|Year : 2016 | Volume
| Issue : 3 | Page : 218-220
Linear porokeratosis over the face: An unusual presentation
Dibyendu Basu1, Indrashis Podder1, Anupam Das2
1 Department of Dermatology, Medical College and Hospital, Kolkata, West Bengal, India
2 Department of Dermatology, KPC Medical College and Hospital, Kolkata, West Bengal, India
|Date of Web Publication||5-Jul-2016|
“Prerana” 19, Phoolbagan, Kolkata - 700 086, West Bengal
Source of Support: None, Conflict of Interest: None
Porokeratosis is a heterogeneous disorder of keratinization usually inherited in an autosomal dominant pattern. It usually affects the trunk and extremities. Lesions exclusively present over face are rare and not well-documented. We present a case of linear porokeratosis along the blaschkoid lines over the face in a 9-year-old girl.

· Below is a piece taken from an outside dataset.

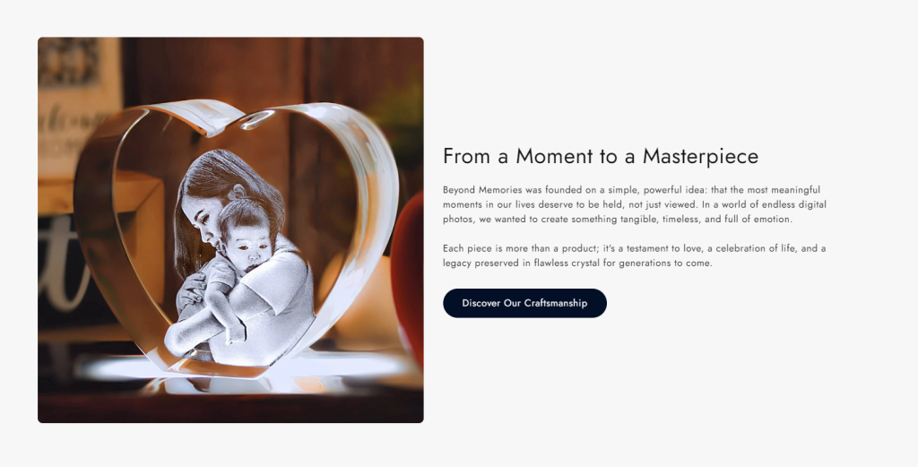 At Beyond Memories, every photograph is treated as a story worth preserving. By transforming 2D images into laser-engraved 3D crystals, the brand ensures that moments are immortalized in a way that is both visually striking and emotionally meaningful. With customizable shapes, personalized text, and optional LED displays, Beyond Memories turns everyday photographs into extraordinary keepsakes that will be treasured for years to come.

Keywords: Child, face, linear porokeratosis
|How to cite this article:|
Basu D, Podder I, Das A. Linear porokeratosis over the face: An unusual presentation. Indian J Paediatr Dermatol 2016;17:218-20
|How to cite this URL:|
Basu D, Podder I, Das A. Linear porokeratosis over the face: An unusual presentation. Indian J Paediatr Dermatol [serial online] 2016 [cited 2019 Sep 18];17:218-20. Available from: http://www.ijpd.in/text.asp?2016/17/3/218/179492
| Introduction|| |
In 1893, Mibelli coined the term porokeratosis assuming that the columns of parakeratosis evolve from the ostia of eccrine ducts. Though the disorder is mostly inherited in autosomal dominant fashion but most of the cases are sporadic. Subtypes include classic porokeratosis of Mibelli, disseminated superficial porokeratosis, disseminated superficial actinic porokeratosis, punctate porokeratosis, porokeratosis palmaris et plantaris disseminate, and linear porokeratosis. Apart from different clinical subtypes, other varieties include pustular, pruritic papular, verrucous/porokeratosis ptychotropica, giant, follicular, bullous, hypopigmented, and erosive. Further classification of linear porokeratosis includes localized, zosteriform, systematized, or generalized. Though the lesions of porokeratosis may involve any part of the body, lesions on the genitalia  and face  are regarded as uncommon. We present a case of a girl child having linear porokeratosis distributed in a blaschkoid pattern over the face without any lesion over other parts of the body. Only a few cases of linear porokeratosis have been reported from India.
| Case Report|| |
A 9-year-old girl presented with a few elevated lesions over the left side of her cheek, present for the preceding 5 years. Initially, a solitary circular lesion had developed over the left cheek followed by the appearance of three more lesions in a linear arrangement within 5–6 months. These asymptomatic lesions were increasing in size, proportionately with her age. There was no history of itching, pain, irritation, or worsening of the lesions on sun exposure. No involvement of the trunk, extremities or mucous membranes was observed. On examination, three annular plaques (appro × 5–7 mm in diameter) were noted in a linear distribution along the mandibular margin of the left side of face with one lesion over the left cheek [Figure 1]. These lesions were characterized by a well-demarcated raised margin with atrophic center. Our differential diagnoses were porokeratosis, linear verrucous epidermal nevus, linear lichen planus, and verrucous variety of incontinentia pigmenti. Biopsy was taken from the peripheral raised hyperkeratotic ridge which showed a keratin-filled invagination of the epidermis. In the center of this keratin-filled invagination, there was a parakeratotic column, the cornoid lamella [Figure 2]. Biopsy confirmed the diagnosis of porokeratosis. She has been prescribed topical retinoids in the form of retinoic acid 0.025% cream and advised for regular follow-up.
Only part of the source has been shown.